From today's Taipei Times on the way the Ma administration suffered a diplomatic defeat for his 'modus vivendi' and 'win-win' when the UNFCC listed Taiwan participants at the Copenhagen climate summit as coming from China (not even Chinese Taipei):
Hsiao Hui-chuan (蕭慧娟), an executive secretary at the EPA responsible for greenhouse gas emissions reductions, said ITRI’s original application listed its address as “Hsinchu, R.O.C. (Taiwan).”

The information was then changed by the conference organizers without notifying the organization, she said. The minimum standard that would be acceptable to our government is ‘Chinese Taipei.’ The most ideal would, of course, be the ‘Republic of China,’” she said.

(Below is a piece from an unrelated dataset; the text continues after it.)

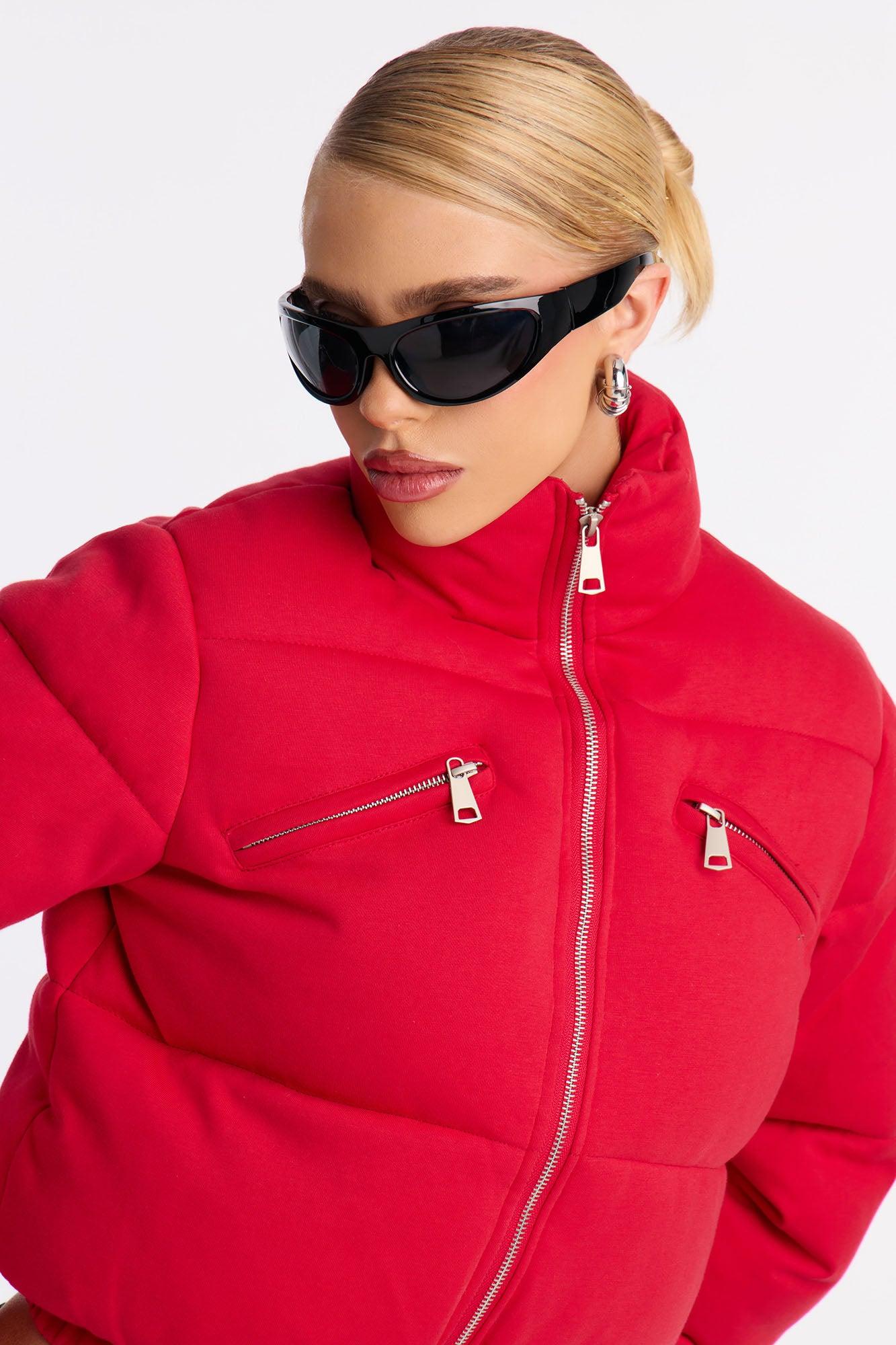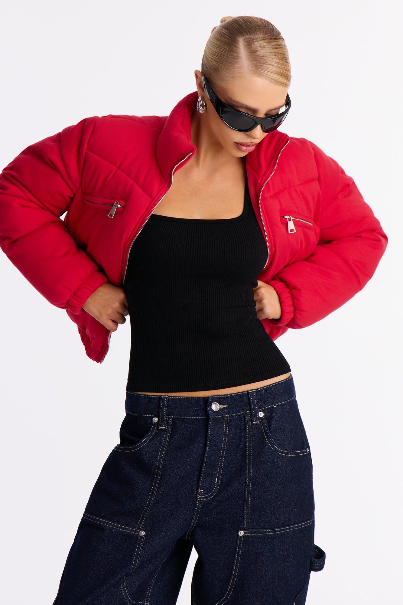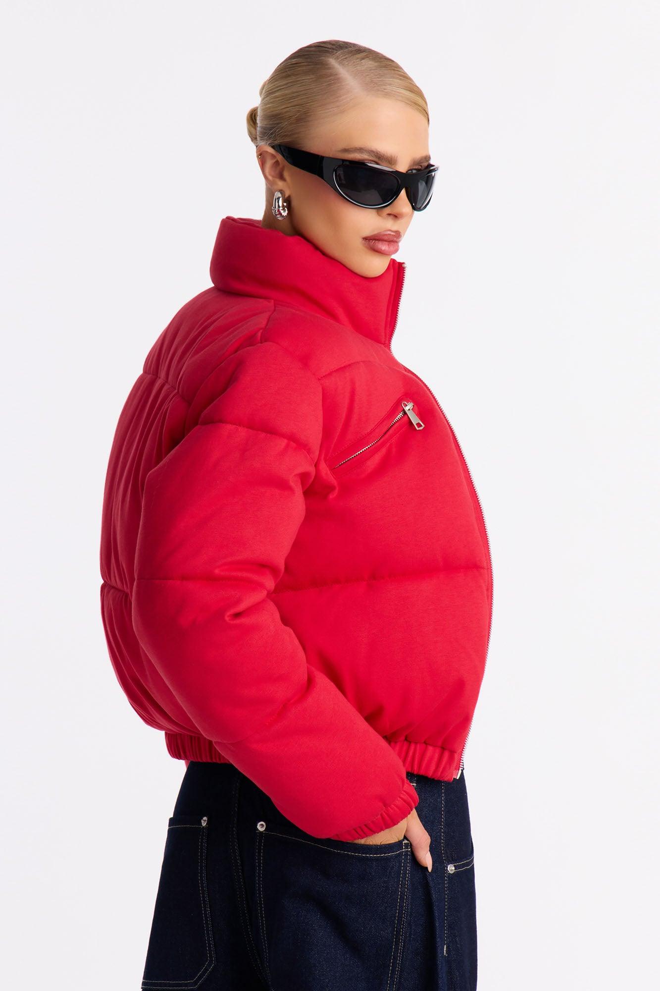 Available In Black, Light Grey And Red. Puffer Jacket Stand Collar Long Sleeves Zipper Closure Zipper Detail Elastic Hem Fully Lined Cropped Self: 100% Cotton Lining: 100% Polyester Imported California Proposition 65WARNING: Cancer and Reproductive Harm - www.P65Warnings.ca.gov.

Meanwhile, the foreign ministry said not having a government official lead the delegation to Copenhagen was a way to safeguard Taiwan’s national dignity.

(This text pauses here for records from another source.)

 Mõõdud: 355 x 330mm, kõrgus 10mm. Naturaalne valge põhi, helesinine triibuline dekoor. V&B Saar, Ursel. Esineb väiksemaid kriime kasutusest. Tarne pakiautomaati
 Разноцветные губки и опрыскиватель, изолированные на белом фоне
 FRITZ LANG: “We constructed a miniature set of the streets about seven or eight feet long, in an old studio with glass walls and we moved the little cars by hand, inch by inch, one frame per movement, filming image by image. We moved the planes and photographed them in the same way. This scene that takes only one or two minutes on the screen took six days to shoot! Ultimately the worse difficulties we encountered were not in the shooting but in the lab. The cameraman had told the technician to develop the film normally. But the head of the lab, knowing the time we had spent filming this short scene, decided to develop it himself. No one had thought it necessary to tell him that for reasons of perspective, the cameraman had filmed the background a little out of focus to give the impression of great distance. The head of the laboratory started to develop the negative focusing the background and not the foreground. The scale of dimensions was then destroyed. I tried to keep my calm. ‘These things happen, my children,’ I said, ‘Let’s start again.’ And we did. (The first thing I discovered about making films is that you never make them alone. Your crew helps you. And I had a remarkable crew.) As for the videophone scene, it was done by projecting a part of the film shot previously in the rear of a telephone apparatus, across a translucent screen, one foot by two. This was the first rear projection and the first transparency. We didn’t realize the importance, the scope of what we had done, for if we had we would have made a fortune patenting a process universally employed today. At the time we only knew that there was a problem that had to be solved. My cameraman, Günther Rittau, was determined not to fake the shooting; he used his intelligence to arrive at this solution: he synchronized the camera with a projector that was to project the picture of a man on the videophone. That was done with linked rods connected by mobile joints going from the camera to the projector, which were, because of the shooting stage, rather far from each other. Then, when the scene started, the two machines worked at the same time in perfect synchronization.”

Ministry spokesman Henry Chen (陳銘政) said that since the UNFCCC still has ITRI listed as a non-governmental organization from “Hsinchu, China,” having a government official as the head delegate would indirectly legitimize the nomenclature that Taiwan is so strongly opposed to.
I would disagree that 'the most ideal standard' would be the Republic of China but then that is a party political position. During the Chen years, you would have seen the same sentence but with R.O.C replaced by 'Taiwan'. This is indicative of the China-centric mindset of this Government who are desperately trying to reinvigorate the ROC and undo all the gains of the DPP in making a majority of the population identify with 'Taiwan' as their country. Meanwhile, not having a Government officiallead the delegation safeguards the country's sovereignty since by making themselves invisible this is obviously going to raise the profile and influence of the R.O.C government on the world stage. Talk about trying to pull somehting good out of a debacle ... and failing spectacularly in a very ironic way. This is especially so since Henry Chen (陳銘政) identifies, perhaps inadvertently, the truth of the act that Taiwanese en masse object to being subsumed within China in the international community. They might reflect that a majority, since they don't want unification, might also object to the continuation of being subsumed within the R.O.C, defense of which has rapidly turned out to be less effective than standing up and being proud of being Taiwan and Taiwanese, even if it didn't get us into the UN. R.O.C effectively dies in 1971 but here we have the Ma Government trying to package old wine in new bottles to faciliate a bureaucratic transition from Taiwan (R.O.C) to R.O.C (Taiwan) to Taiwan (S.A.R)(P.R.C).